Smart cities

Model
Digital Document
Publisher
Florida Atlantic University
Description
A modern urban infrastructure no longer operates in isolation but instead leverages the latest technologies to collect, process, and distribute aggregated knowledge to improve the quality of the provided services and promote the efficiency of resource consumption. However, the ambiguity of ever-evolving cyber threats and their debilitating consequences introduce new barriers for decision-makers. Numerous techniques have been proposed to address the cyber misdemeanors against such critical realms and increase the accuracy of attack inference; however, they remain limited to detection algorithms omitting attack attribution and impact interpretation. The lack of the latter prompts the transition of these methods to operation difficult to impossible.

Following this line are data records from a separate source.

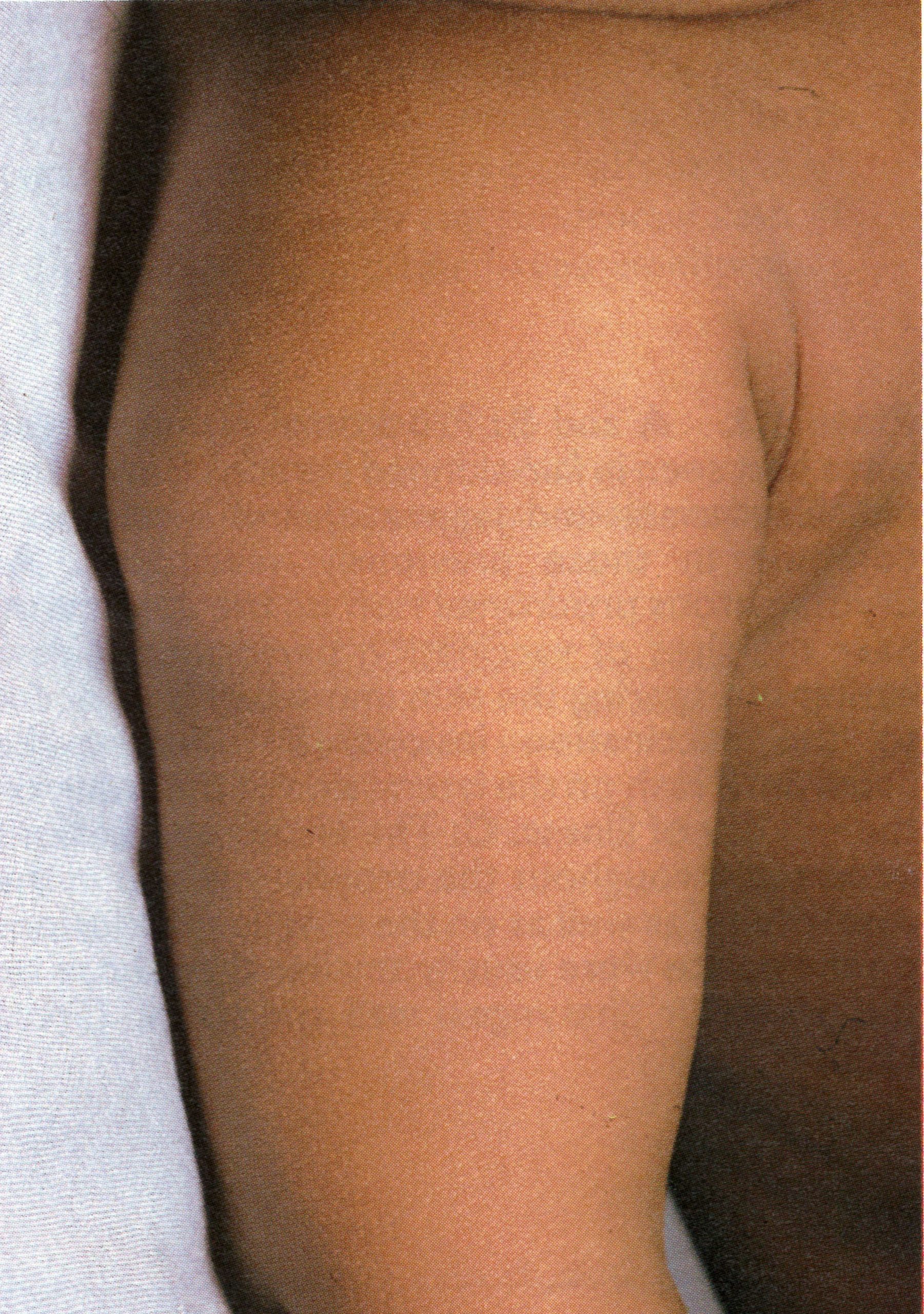 Plate 1.18. Confluent ordinary-type smallpox in an unvaccinated woman in her twenties, on the 9th day of the illness. Pustules were confluent on the face, forearms and legs but discrete on the trunk. (From Stojkovic et al., 1974.)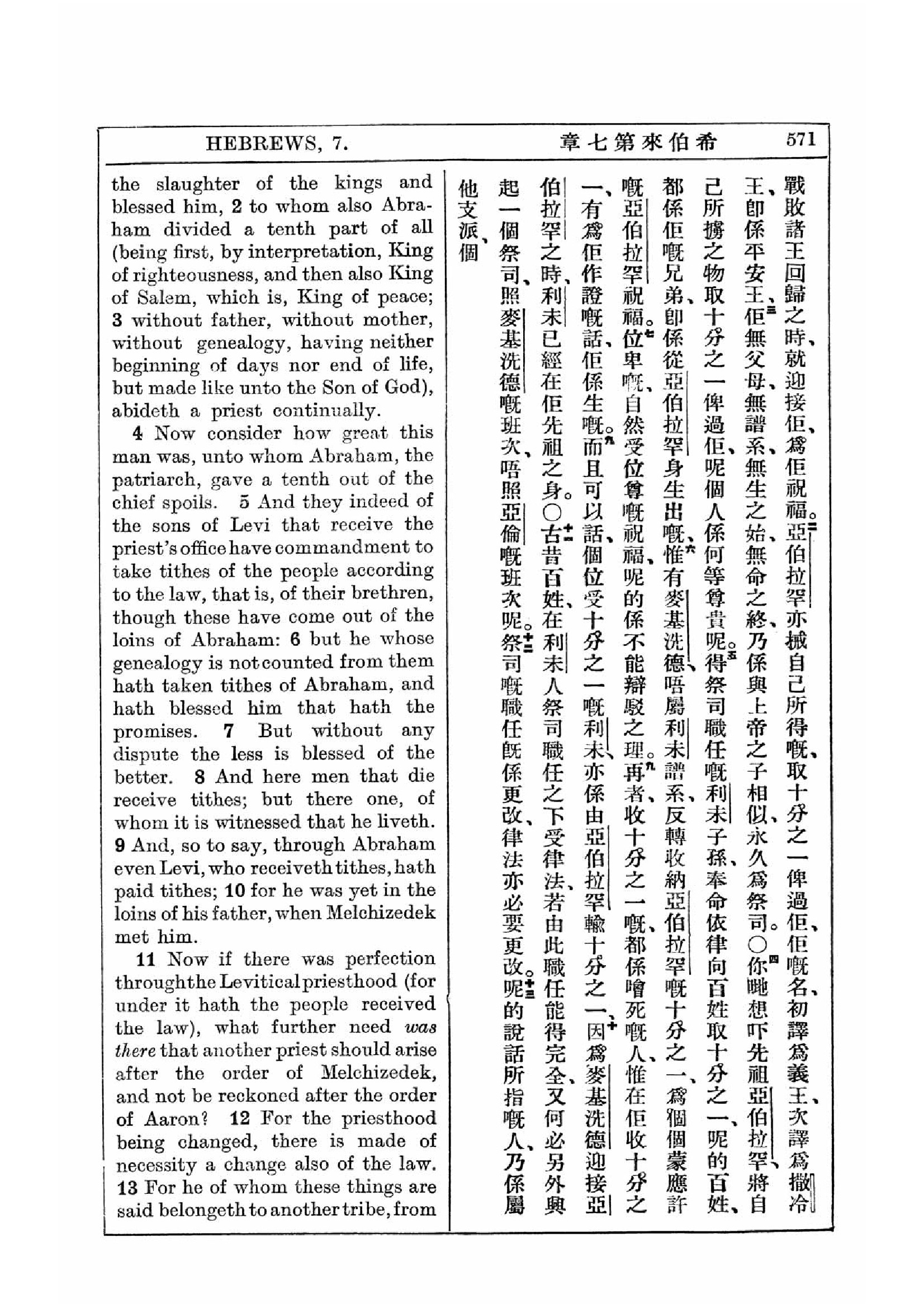 1927年新約全書(中英對照) 希伯來書 7 章 2 節到 7 章 13 節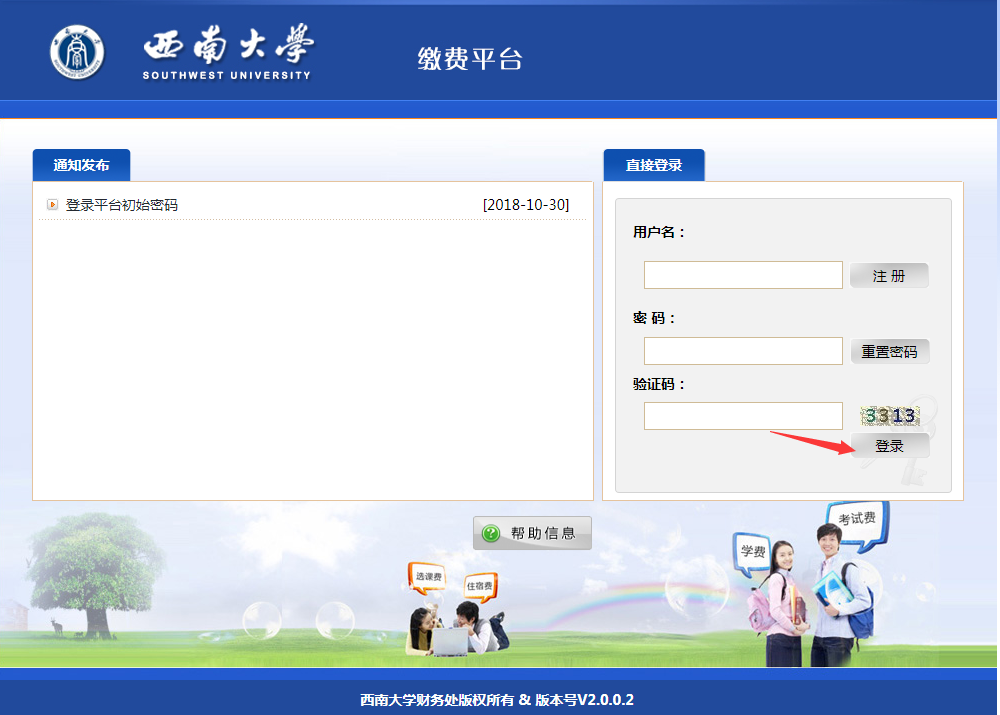 第1步:登录网上缴费平台(http://upay.swu.edu.cn/payment/login.jsp),用户名、初始密码为身份证号,输入验证码后,点击“登录”按钮。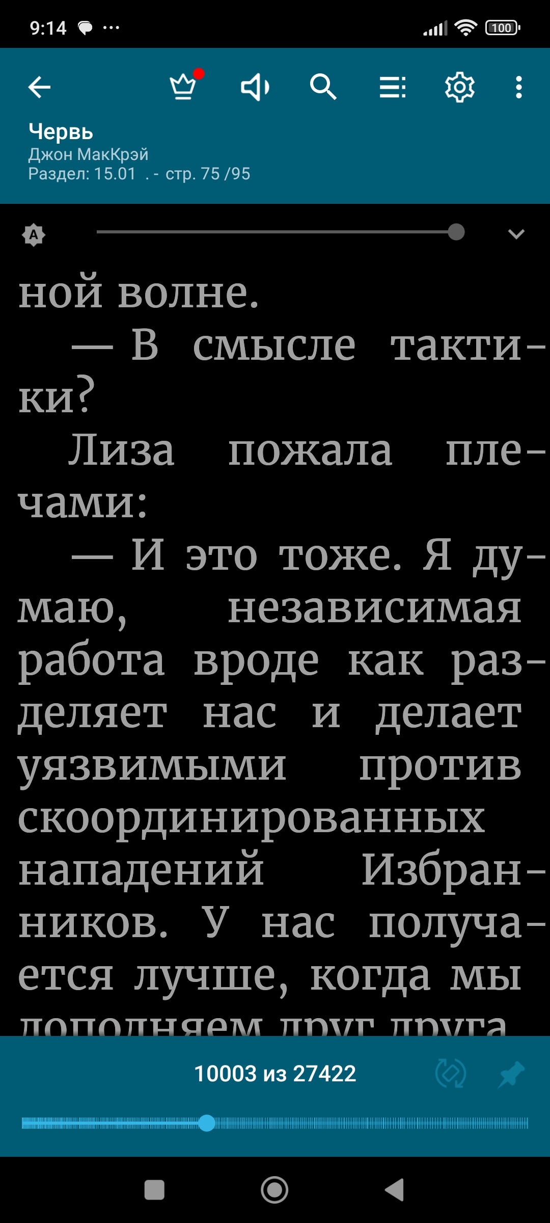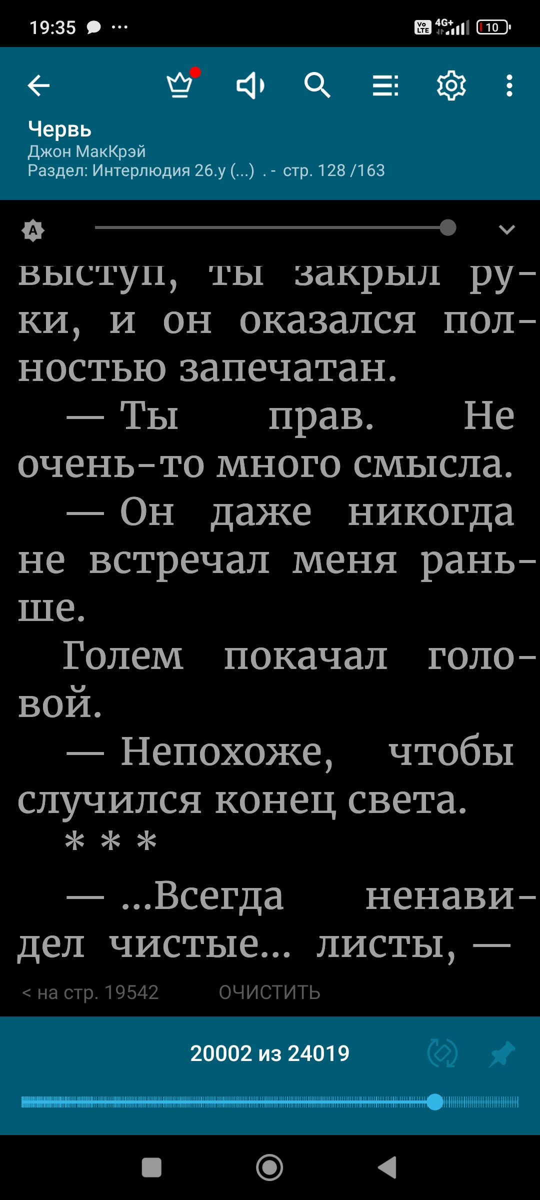 >>828649 Забыл добавить, так как постоянно отвлекаюсь на борьбу с тупостью. Ебанул аж почти 2000 страниц(!!!) червя. Также неплохую отечественную фантастику прикладываю - на удивление не хуже Ведьзмина , которого я не большой фанат.

In this dissertation, we first investigate the threat landscape of smart cities, survey and reveal the progress in data-driven methods for situational awareness and evaluate their effectiveness when addressing various cyber threats. Further, we propose an approach that integrates machine learning, the theory of belief functions, and dynamic visualization to complement available attack inference for ICS deployed in the realm of smart cities. Our framework offers an extensive scope of knowledge as opposed to solely evident indicators of malicious activity. It gives the cyber operators and digital investigators an effective tool to dynamically and visually interact, explore and analyze heterogeneous, complex data, and provide rich context information. Such an approach is envisioned to facilitate the cyber incident interpretation and support a timely evidence-based decision-making process.